== DATA SECTION ==
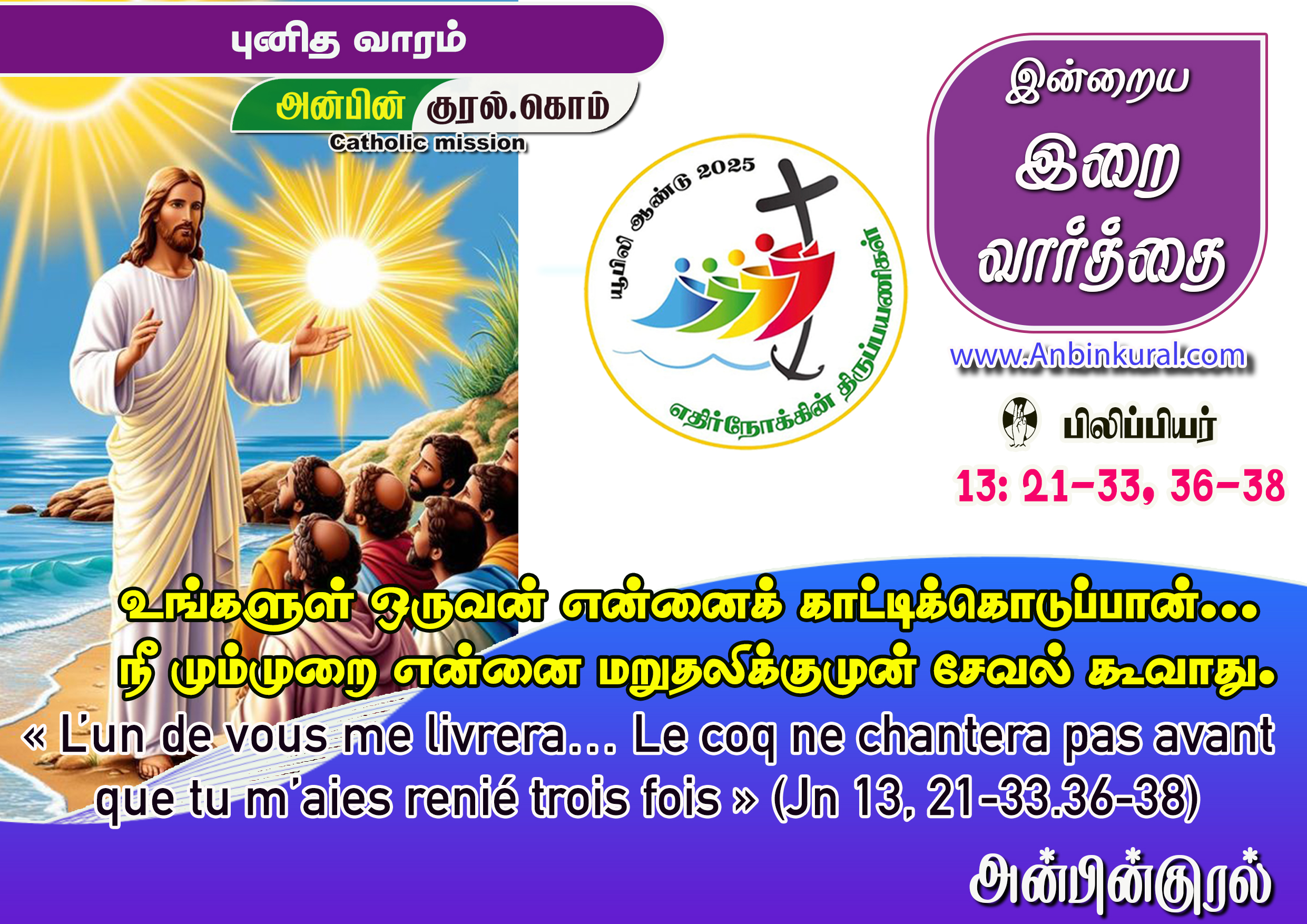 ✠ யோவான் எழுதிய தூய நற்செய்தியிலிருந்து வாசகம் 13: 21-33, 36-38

...

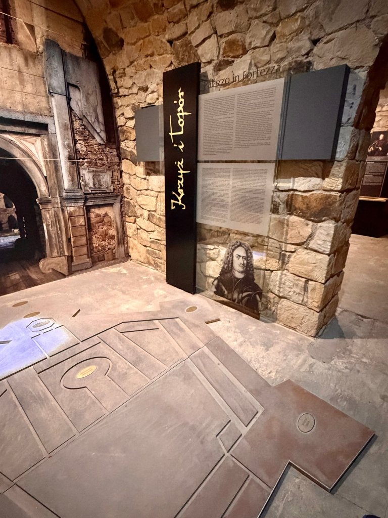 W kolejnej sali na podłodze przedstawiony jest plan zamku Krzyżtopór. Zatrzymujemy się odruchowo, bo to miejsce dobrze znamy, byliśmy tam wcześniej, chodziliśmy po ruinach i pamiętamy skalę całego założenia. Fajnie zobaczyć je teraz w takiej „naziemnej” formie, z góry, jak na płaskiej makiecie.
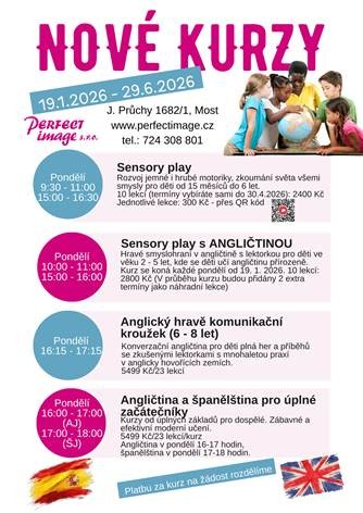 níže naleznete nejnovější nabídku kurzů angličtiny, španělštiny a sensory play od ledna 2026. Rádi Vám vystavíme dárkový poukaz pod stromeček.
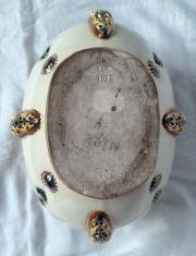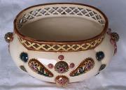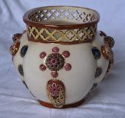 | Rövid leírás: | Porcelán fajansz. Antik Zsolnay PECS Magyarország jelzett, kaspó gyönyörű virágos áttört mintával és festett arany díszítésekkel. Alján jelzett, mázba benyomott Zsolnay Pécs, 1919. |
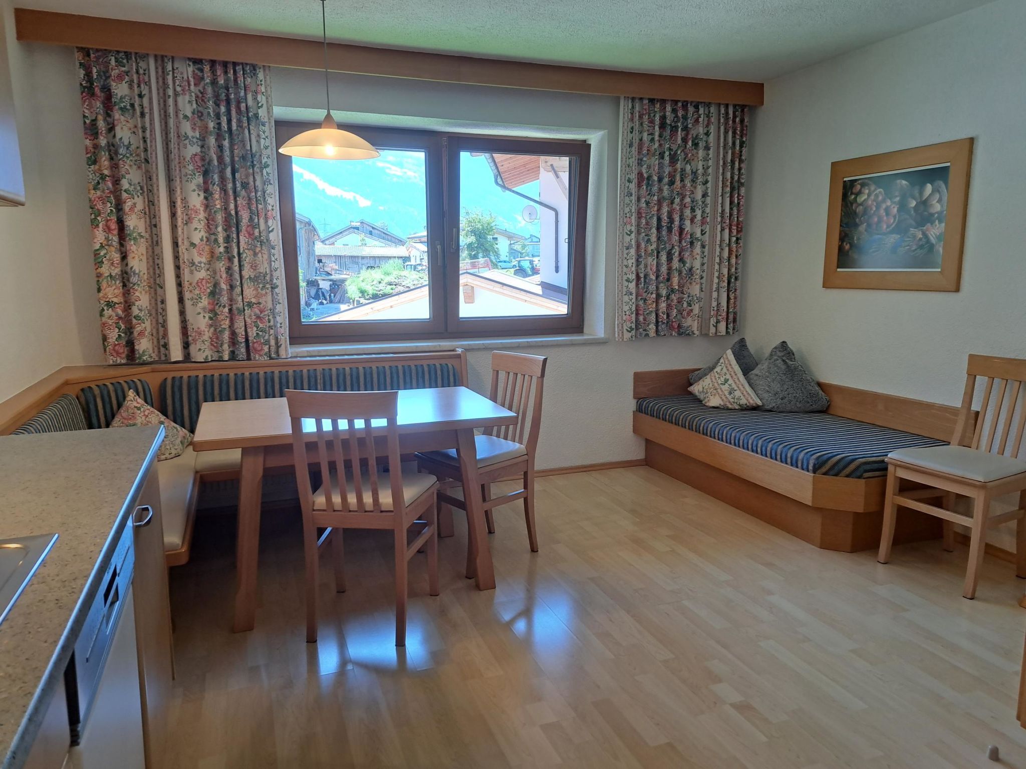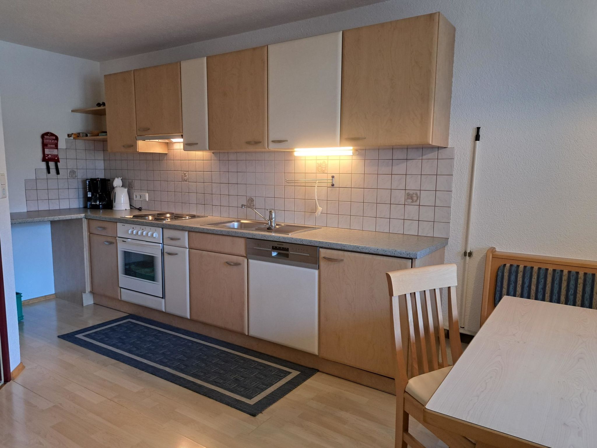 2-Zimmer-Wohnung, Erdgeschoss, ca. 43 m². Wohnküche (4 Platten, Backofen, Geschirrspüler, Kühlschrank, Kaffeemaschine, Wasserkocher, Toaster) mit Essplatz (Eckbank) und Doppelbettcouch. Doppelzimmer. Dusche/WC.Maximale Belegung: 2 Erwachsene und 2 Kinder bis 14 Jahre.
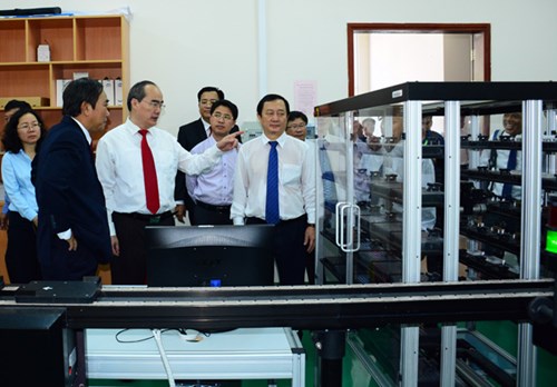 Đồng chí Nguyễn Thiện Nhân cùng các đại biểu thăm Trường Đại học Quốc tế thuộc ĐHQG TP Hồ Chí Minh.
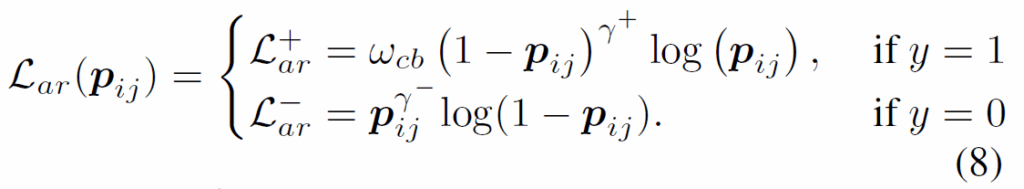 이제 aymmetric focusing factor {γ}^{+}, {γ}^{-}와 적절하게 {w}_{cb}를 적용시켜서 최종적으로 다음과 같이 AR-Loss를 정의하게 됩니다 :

---

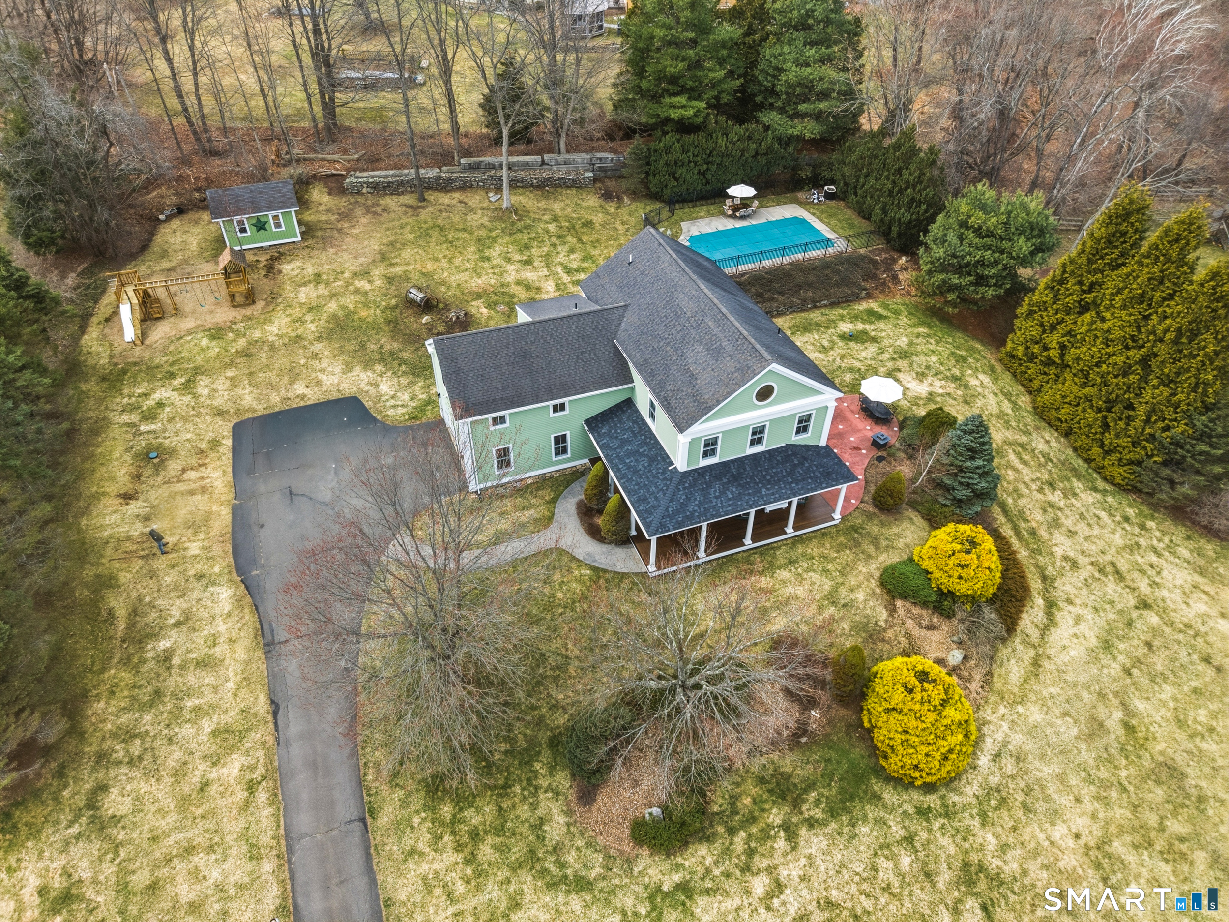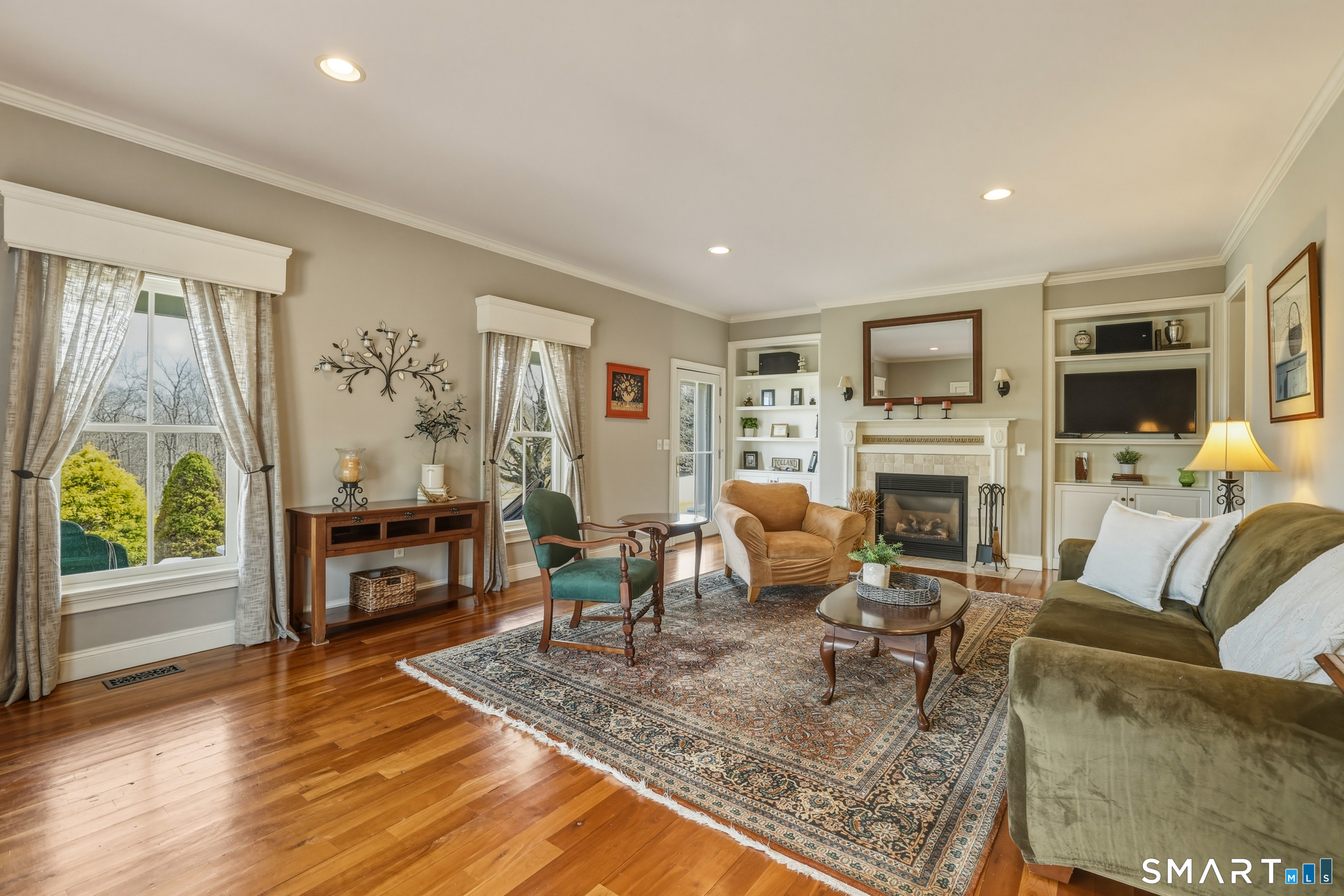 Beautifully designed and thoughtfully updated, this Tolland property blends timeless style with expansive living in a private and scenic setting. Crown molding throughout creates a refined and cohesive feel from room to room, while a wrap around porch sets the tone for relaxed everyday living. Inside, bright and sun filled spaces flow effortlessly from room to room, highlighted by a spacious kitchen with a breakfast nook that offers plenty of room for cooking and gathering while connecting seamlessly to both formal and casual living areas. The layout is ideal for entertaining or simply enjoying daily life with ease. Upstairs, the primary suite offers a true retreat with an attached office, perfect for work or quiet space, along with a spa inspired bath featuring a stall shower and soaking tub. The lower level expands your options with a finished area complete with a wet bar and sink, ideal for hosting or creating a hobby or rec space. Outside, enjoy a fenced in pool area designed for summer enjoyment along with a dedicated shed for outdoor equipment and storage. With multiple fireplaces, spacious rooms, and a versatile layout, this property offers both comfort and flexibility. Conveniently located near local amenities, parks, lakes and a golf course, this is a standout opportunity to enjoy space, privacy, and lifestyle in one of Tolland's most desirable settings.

== HOW TO COMPLETE THIS TASK ==
Beginning with the line above that contains "Pécs, 1919. |" and finishing with the line that contains "2-Zimmer-Wohnung, Erdgeschoss, ca.", print those lines exactly and only. Skip all pictures.

== SOLUTION ==
 | Rövid leírás: | Porcelán fajansz. Antik Zsolnay PECS Magyarország jelzett, kaspó gyönyörű virágos áttört mintával és festett arany díszítésekkel. Alján jelzett, mázba benyomott Zsolnay Pécs, 1919. |
 2-Zimmer-Wohnung, Erdgeschoss, ca. 43 m². Wohnküche (4 Platten, Backofen, Geschirrspüler, Kühlschrank, Kaffeemaschine, Wasserkocher, Toaster) mit Essplatz (Eckbank) und Doppelbettcouch. Doppelzimmer. Dusche/WC.Maximale Belegung: 2 Erwachsene und 2 Kinder bis 14 Jahre.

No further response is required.